Abstract
Purpose
To investigate factors with a significant relationship with the absence of musculoskeletal disease (MSD: osteoporosis, knee osteoarthritis (K-OA), and lumbar spondylosis (L-OA)) in elderly people ≥70 years old.
Methods
The subjects were 279 people (134 males, 145 females, mean age: 75.2 years) who attended an annual health checkup and were prospectively included in the study. Osteoporosis was defined as %YAM ≤70%, K-OA as Kellgren–Lawrence grade ≥2, and L-OA as osteophytes of Nathan class ≥3. Subjects were divided into those with (group D) and without (group N) any MSD. Clinical variables including locomotive syndrome (LS), frailty, sarcopenia, and QOL (SF-36) were compared between the groups.
Results
There was no significant difference in age or gender between group N (n = 54) and group D (n = 225). Lower BMI and pain, including neuropathic pain; greater back muscle strength, physical ability, and balance with eyes closed; larger lumbar lordosis, sacral inclination, and lumbar ROM; and smaller spinal inclination were found in group N. The rates of LS and sarcopenia were significantly lower and QOL was significantly higher in group N.
Conclusions
This study firstly revealed the significant musculoskeletal factors and geriatric syndromes related to an absence of MSD, which may form the basis of interventions to improve QOL in elderly people ≥70 years old.
1. Introduction
Musculoskeletal degenerative disease (MSD) increases with age and is common in elderly people, which affect morbidity, quality of life (QOL) and mortality [1]. The three major MSDs are osteoporosis, knee osteoarthritis (K-OA), and lumbar spondylosis (L-OA), and prevention of these MSDs may contribute to an increased QOL because we previously demonstrated that increased comorbidity rates of these MSDs negatively impacted on physical QOL [2]. Obesity may be a cause of K-OA, and this condition has an impact on the spine (knee-spine syndrome) [3–5]. MSDs are also associated with low back pain (LBP), neuropathic pain (NeP), and knee joint pain, and have relationship with muscle strength because muscle exercise can relieve knee joint pain due to K-OA or LBP due to L-OA. To the best of our knowledge, factors related to the absence of MSD in relatively healthy elderly people have not been examined. If these factors can be identified, interventions can be planned to improve QOL in elderly people. Therefore, the objectives of this study were to investigate the rate of absence of MSD and identify factors that are significantly related to an absence of MSD in elderly people ≥70 years old in a health checkup.
2. Materials and Methods
A prospective cohort study was conducted at an annual health checkup in Yakumo, Hokkaido, as part of the Yakumo study [6–8]. The checkup has been held annually and supported by local government for over 30 years. A total of 279 subjects aged ≥70 years (male: 134, female: 145, mean age: 75.2 years) were included in the current study. Subjects with a surgical history of osteoporotic fractures, K-OA, and L-OA, or with fresh vertebral fracture were excluded from the study. Osteoporosis was defined as %YAM ≤70% in the calcaneus [9], and K-OA as Kellgren–Lawrence grade ≥2 on plain radiographs of the knee joint [10]. In lumbar plain radiographs, L-OA was defined as osteophytes of Nathan class ≥3 for L1/2-L5/S1 [11]. Spinal sagittal alignment was also examined on these radiographs [12], based on the thoracic kyphosis angle, lumbar lordosis angle, sacral inclination angle, spinal inclination angle, thoracic range of motion (ROM), and lumbar ROM. Measurements were also made using SpinalMouse® (Idiag, Volketswil, Switzerland), which showed high reproducibility compared to plain radiographs without the need for radiation invasiveness in our previous cohort study [13, 14]. A positive lumbar lordosis angle indicates lordosis in this study, and a positive spinal inclination angle indicates a bent forward posture.
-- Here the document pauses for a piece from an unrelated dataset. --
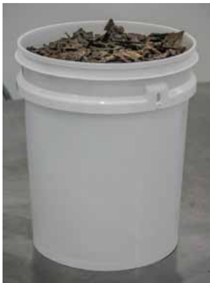
Figura 19. Baldes para acondicionamento de própolis nova

Também poderão ser utilizados baldes plásticos, herméticos, de grau alimentício, de cor branca opaca (para não haver entrada de luz), com capacidade de até 10 kg de própolis (baldes para 20 litros), conforme Figura 19.

Subjects with an absence of MSD were defined as those with no osteoporosis, K-OA, and L-OA (group N). These subjects were compared with those with any MSDs (group D). Age, gender, body mass index (BMI), pain, muscle strength, gait ability, balance, and common geriatric syndromes were examined in each group, Severities of LBP, sciatica, and knee joint pain were evaluated using a visual analogue scale (VAS); 0–100 mm), and neuropathic pain (NeP) was defined as ≥13 points on the pain DETECT questionnaire [15, 16]. QOL was evaluated using the physical component summary (PCS) and the mental component summary (MCS) on SF-36 (Japanese v.2.0) [17, 18].
The study was approved by the Committee on Ethics on Human Research of our University and informed consent was obtained from all subjects.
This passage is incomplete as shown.